- **ABOUT THIS EXERCISE**: Transcribe only the part of the material below that begins at the line containing "Sølv forgyldt øreringe" and ends at the line containing "The double wall", with both kept and images left out.
____ GIVEN DATA
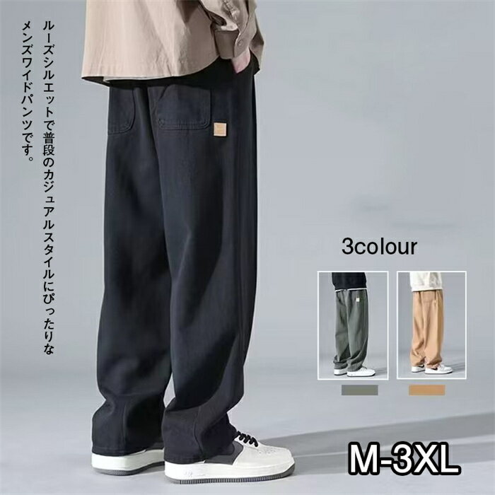 ズボン ワイド パンツ メンズ ズボン 大きいサイズ 調整紐 ウエストゴム 人気 無地 春服 秋服 薄手M-3XL
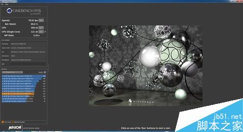 CINEBENCH R15測試,CPU部分得到的分數比較高,OpenGL主要測試GPU核心處理能力,看分數的排行已經和部分i7處理器相當了。
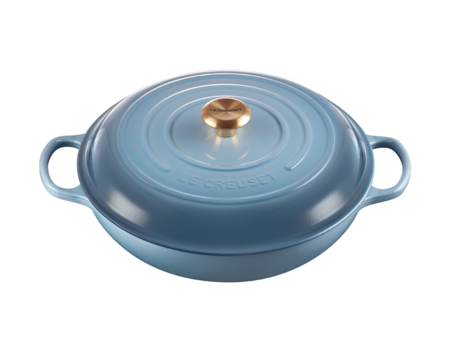 Um azul descontraído, com subtons cinzentos sutis, capaz de harmonizar com todas as demais tonalidades da coleção Le Creuset ou de adicionar um toque vibrante a uma paleta neutra. Este tom confere um charme à sua cozinha. Convidamos você a elevar o seu espaço culinário com essa escolha refinada, garantindo uma atmosfera de elegância que perdura.
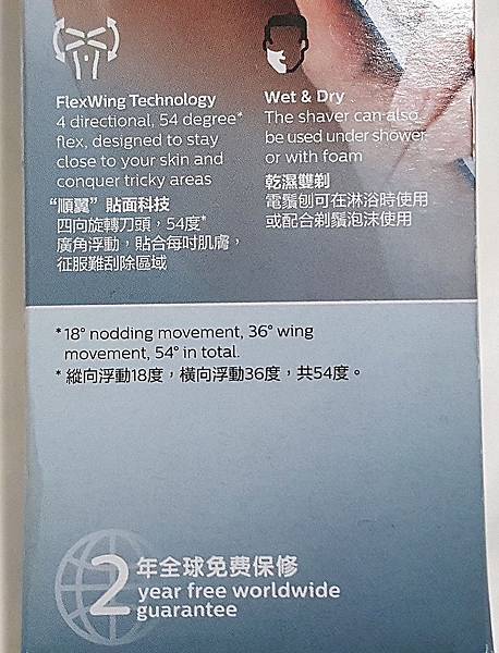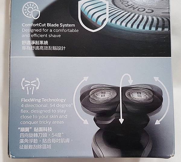 Philips U-tube S566 電動刮鬍刀的包裝右側:強調「順翼貼面科技」,採用4D立體彈性貼面刀頭、54度廣角浮動,貼合肌膚,征服死角部位,「乾濕雙剃」使得電鬍刀可在淋浴時使用或搭配刮鬍泡使用。
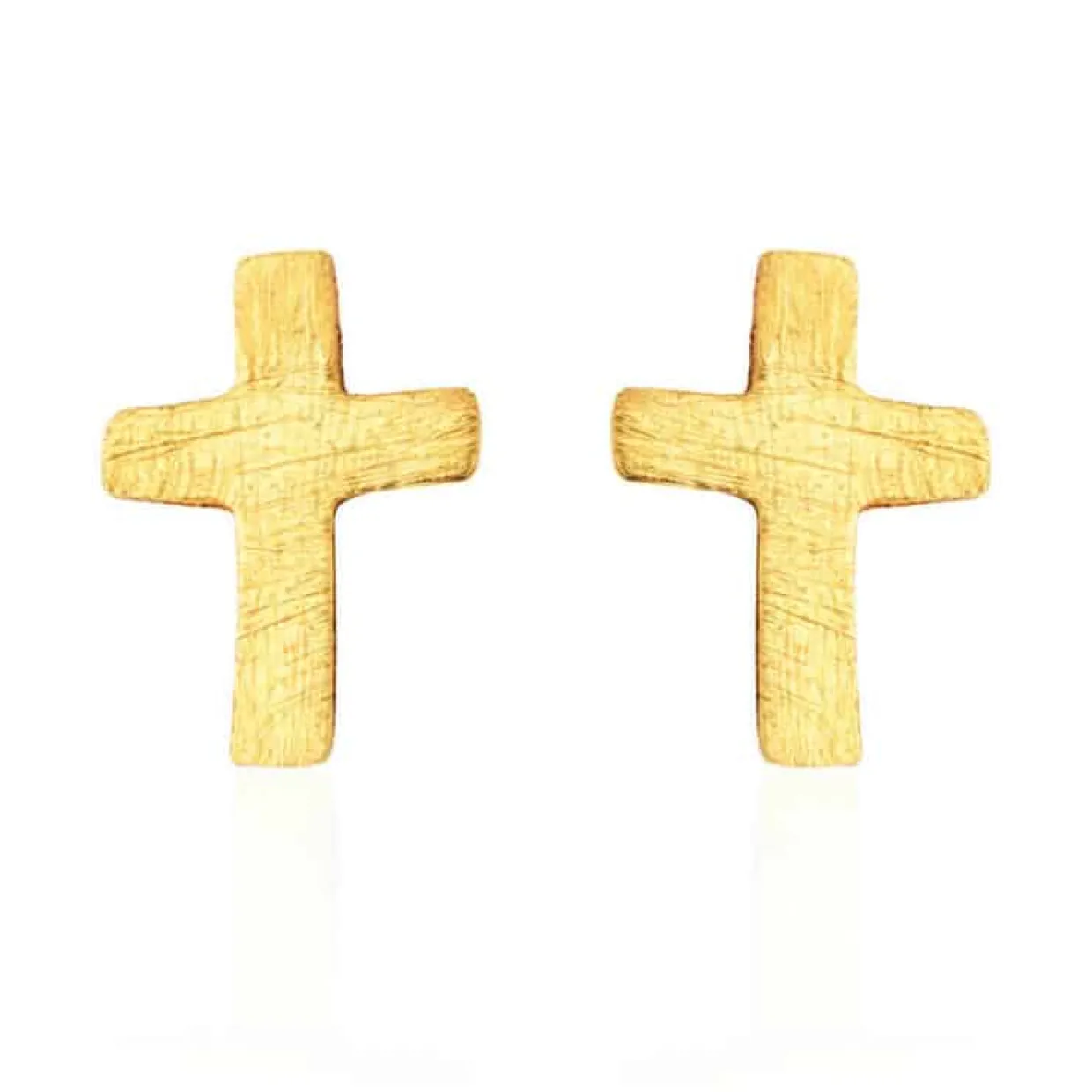 Sølv forgyldt øreringe på stik med kors. Korset har en mat overflade og et mål på 10 mm i højden og 7 mm i bredden.
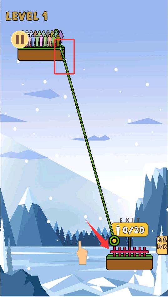 、2、通过手指滑动连接绳索搭建路径,注意避开障碍物并确保路线稳固,为后续移动创造安全通道。
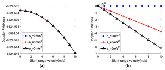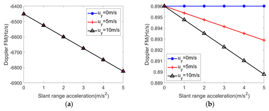 Figure 2 illustrates the effect of slant range acceleration on the second-order and higher-order parameters of the Doppler frequency modulation. Figure 2a shows that Doppler frequency modulation is very sensitive to slant range acceleration, with the frequency modulation changing by 100 Hz/s for every 1 m/s2 change in slant range acceleration. Figure 3 illustrates the impact of slant range velocity on second-order and third-order Doppler frequency modulation parameters. Figure 3a shows that the slant range velocity does not change the Doppler frequency modulation under the influence of slant range acceleration. Comparing Equations (11) and (12), the Doppler third-order frequency has , so the influence of is greater than . However, compared with the influence of the second-order frequency modulation parameter , the influence of can be ignored.
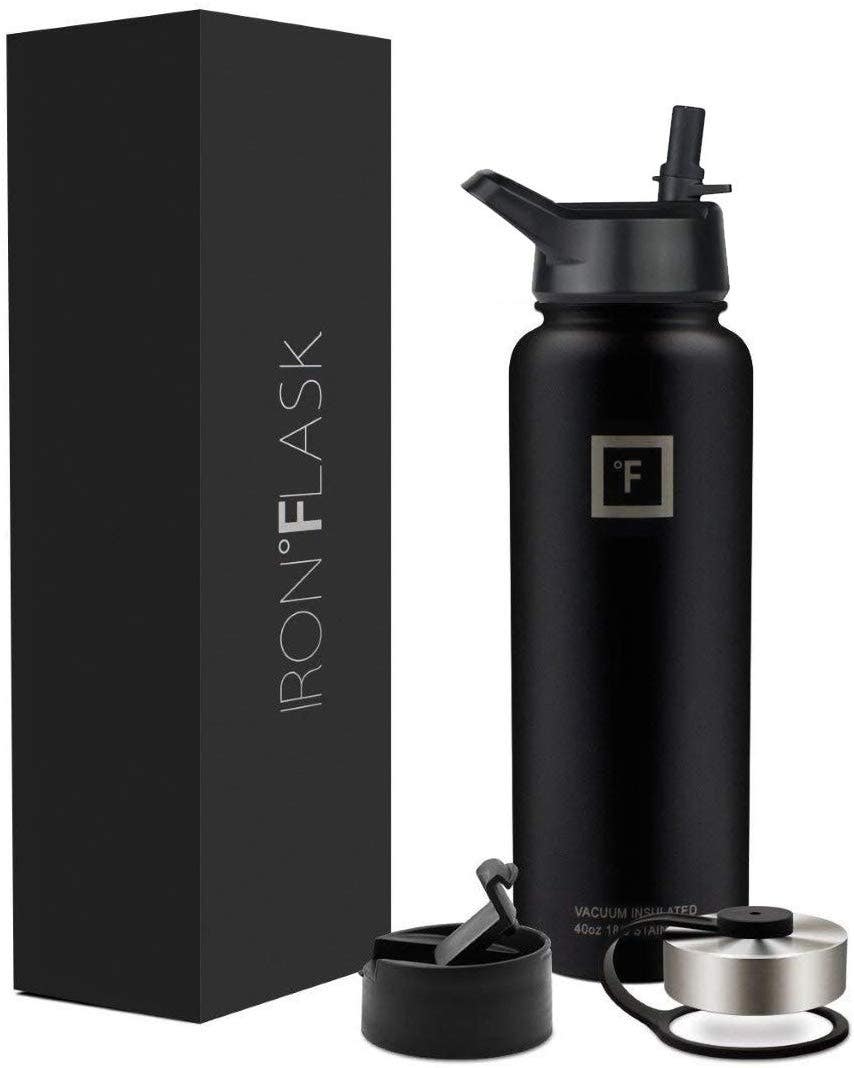 The double wall insulation makes the Iron Flask sweat-free. It keeps your drink cold for up to 24 hours, and hot for up to 12 hours. And it comes in a variety of fun colors if black isn't your thing.
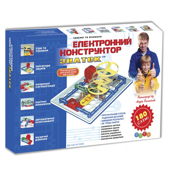 Constructorul electronic ofera posibilitatea copilului de a crea desinestatator soneriile muzicale, semnalizari de securitate, imitatoare de sunete, iluminatoare automatizate, si diferite jocuri si jucarii amuzante. Modul original de asamblare a detaliilor asigura un rezultat rapid si eficient. Setul include si un manual de utilizare cu ajutorul caruia copilul va putea sa asambleze 180 de scheme electronice, ce va permite prin intermediul practicii sa invete gestionarea elementara electricitatatii , sonorizarii si apei. Constuctorul a fost autorizat de catre scoli si alte institutii de invatamint si a fost inalt apreciat de catre specialisti.
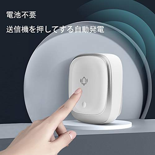 ワイヤレスチャイム 玄関チャイム 電池不要 自動発電 音と光で呼び出しチャイムセット 7色led 4段階音量調節38曲選択 防水防塵 介護呼び鈴ドアベル 最高200M無線範囲 送信機1個 受信機2個 国内発送
________
- **RESULT**:
 Sølv forgyldt øreringe på stik med kors. Korset har en mat overflade og et mål på 10 mm i højden og 7 mm i bredden.
 、2、通过手指滑动连接绳索搭建路径,注意避开障碍物并确保路线稳固,为后续移动创造安全通道。
 Figure 2 illustrates the effect of slant range acceleration on the second-order and higher-order parameters of the Doppler frequency modulation. Figure 2a shows that Doppler frequency modulation is very sensitive to slant range acceleration, with the frequency modulation changing by 100 Hz/s for every 1 m/s2 change in slant range acceleration. Figure 3 illustrates the impact of slant range velocity on second-order and third-order Doppler frequency modulation parameters. Figure 3a shows that the slant range velocity does not change the Doppler frequency modulation under the influence of slant range acceleration. Comparing Equations (11) and (12), the Doppler third-order frequency has , so the influence of is greater than . However, compared with the influence of the second-order frequency modulation parameter , the influence of can be ignored.
 The double wall insulation makes the Iron Flask sweat-free. It keeps your drink cold for up to 24 hours, and hot for up to 12 hours. And it comes in a variety of fun colors if black isn't your thing.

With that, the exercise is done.